Murrill wrote for the Republican-led states Monday that the administration's plans are riddled with contradictions, and that they circumvent notice-and-comment rules under the Administration and Procedure Act.

“In the last year alone, the United States has told this Court both that (1) the APA does not authorize vacatur as a remedy and (2) nationwide injunctions are impermissible,” Murrill wrote. “Yet the district court granted both a vacatur and a nationwide injunction.” 

These contradictions, according to the brief, show that the government is trying to have its cake and eat it, too. 

“The United States’ ‘it’s legal when we say it’s legal’ premise lacks any pretense of propriety,” Murrill wrote. “And its too-cute-by-half tactic of taking an appeal only after the States sought intervention, then moving to hold that appeal in indefinite abeyance, is not substantively different from outright capitulation.” 
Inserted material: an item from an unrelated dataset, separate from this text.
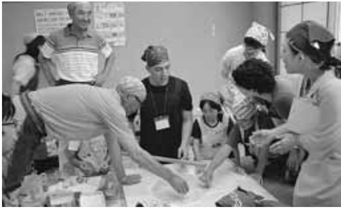
上手に説明できるかな？

The policy would have expired Wednesday without action from the justices. The states’ application offered the justices a myriad of options. As they have done with other shadow-docket cases this term, the justices took the option of entering a stay while they consider the case further. Murrill seemed to push for a writ of certiorari, noting another immigration fight the justices already heard this term. 

“The scale of the impacts on the immigration system are thus at least as great as in United States v. Texas where this Court granted certiorari before judgment, necessarily concluding that the issues were of ‘imperative public importance … requir[ing] immediate determination in this Court,’” the lawyer wrote. “Given the at-least-equivalent impacts here, this case readily satisfies the traditional standard for ordinary post-judgment certiorari.”